Geram sekali saya mendengar statemen dia saat itu. Ingin rasanya meneriakinya dan memaki-makinya. Seenaknya saja dia mengatakan ini (pengangguran) merupakan mutlak tanggungjawab pemerintah dan dunia usaha. Memang, permasalahan di Indonesia yang terkait ketenagakerjaan cukup rumit sehingga investor dari luar negeri kerap kali hengkang dari Indonesia dan calon investor baru enggan menanamkan modal dan mendirikan bisnisnya di Indonesia. Tapi hal ini juga kerap kali diakibatkan oleh ulah si penganggur itu sendiri.

Banyak lulusan dari universitas atau lulusan sekolah menengah yang gengsi, memilih-milih pekerjaan mencari yang cocok dan sesuai dengan disiplin ilmu yang ia tekuni ketika di meja belajar. Ketika pertama kali ia ditawari sebuah peluang kerja, yang ia tanyakan biasanya gajinya berapa. Jarang sekali yang menanyakan persyaratan dan job deskripsinya.
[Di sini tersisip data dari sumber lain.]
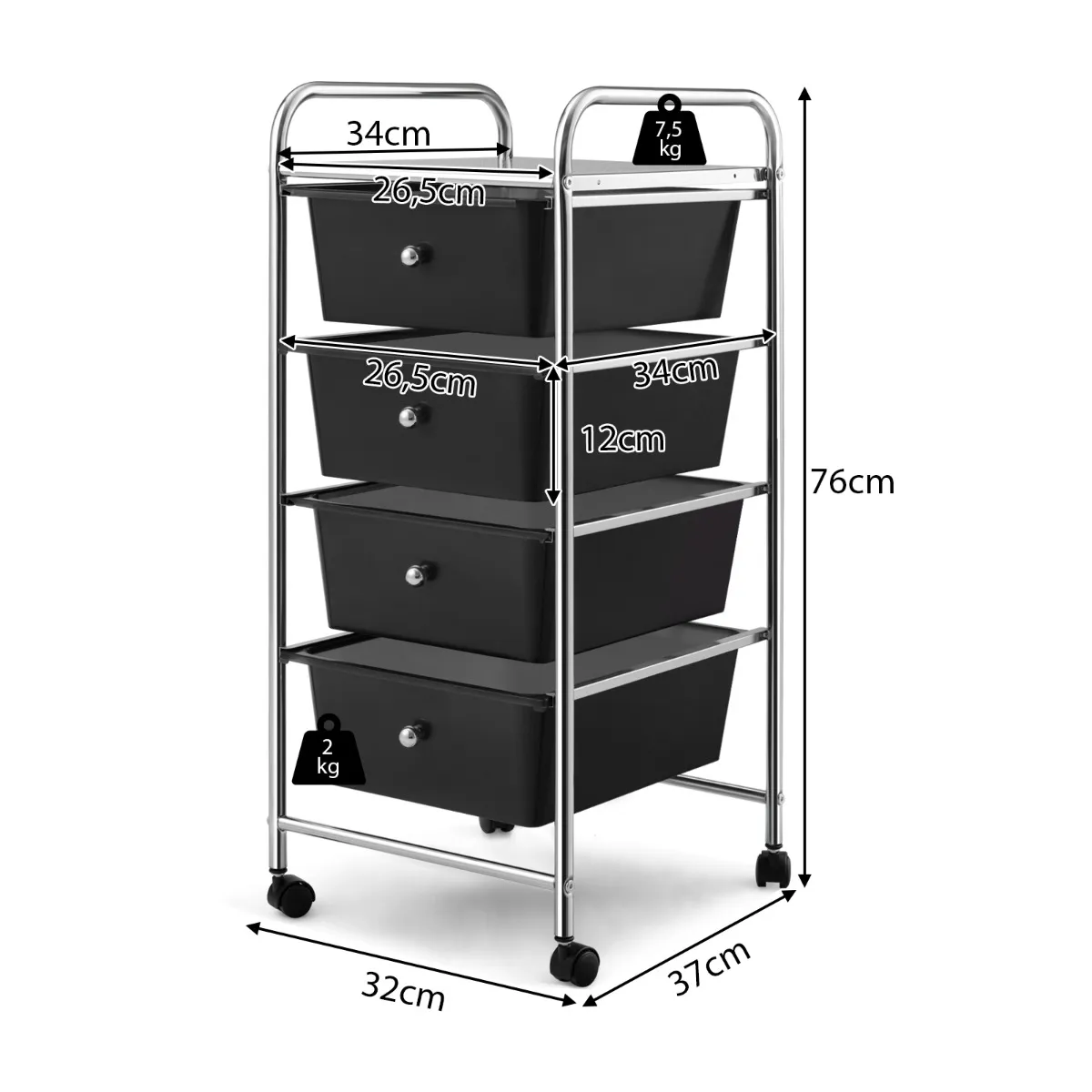 - Afmetingen: 37 cm x 32 cm x 76 cm (L x B x H)

Seharusnya mereka yang menganggur ini mengutamakan bagaimana caranya masuk dunia kerja terlebih dahulu. Untuk urusan gajinya berapa, kemudian jenjang karirnya bagaimana, itu bisa dipikir kemudian. Jika memang jobdis-nya tidaklah terlalu sulit untuk ia kerjakan, terima saja dulu. Yang penting masuk dunia kerja. Memiliki pengalaman kerja, memiliki pengalaman bekerjasama dengan orang lain minimal dalam tim kerja, relasi atau partnernya. Di sini ia akan bisa belajar bagaimana berinteraksi dengan orang dalam lingkup kerja, bagaimana menjadi karyawan, bagaimana seharusnya menghadapi pekerjaa, majikan, pimpinan atau bos-nya.
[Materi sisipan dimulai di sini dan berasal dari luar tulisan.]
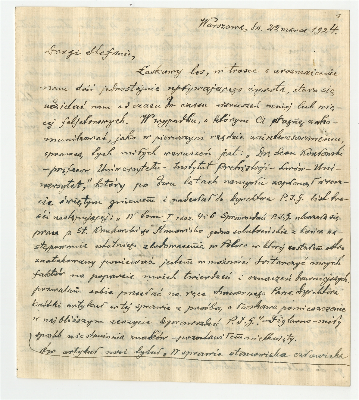 Rękopis - list Jana Samsonowicza do Stefana Krukowskiego z dnia 22 marca 1924 roku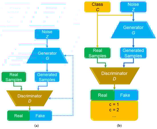 (a) Basic structures of the GAN model; and (b) the GAN with auxiliary classifier.

Selain itu dengan masuk dunia kerja kita bisa memiliki relasi dan kenalan yang lebih banyak. Dari sinilah biasanya kita mengenal banyak orang dan bisa saling tukar informasi, termasuk informasi peluang kerja di tempat lain atau di perusahaan yang sama namun berbeda departemen dengan jobdis yang sekiranya ia sukai. Ini penting, dan prinsip seperti ini kerap kali dilupakan oleh pencari kerja hingga akhirnya banyak pengangguran dimana-mana.

Jadi bagi para penganggur dan pencari kerja, terima saja dulu tawaran kerja apa yang pernah Anda terima. Nikmati saja dulu yang ada, siapa tahu justru Anda menjadi betah dan mencintai pekerjaan Anda hingga Anda memiliki pengalaman yang cukup dan tertantang untuk berwiraswasta dalam bidang tersebut. Meskipun awalnya Anda tidak sesuai dengan jobdisnya karena disiplin ilmu yang Anda tekuni di sekolah tidaklah sesuai.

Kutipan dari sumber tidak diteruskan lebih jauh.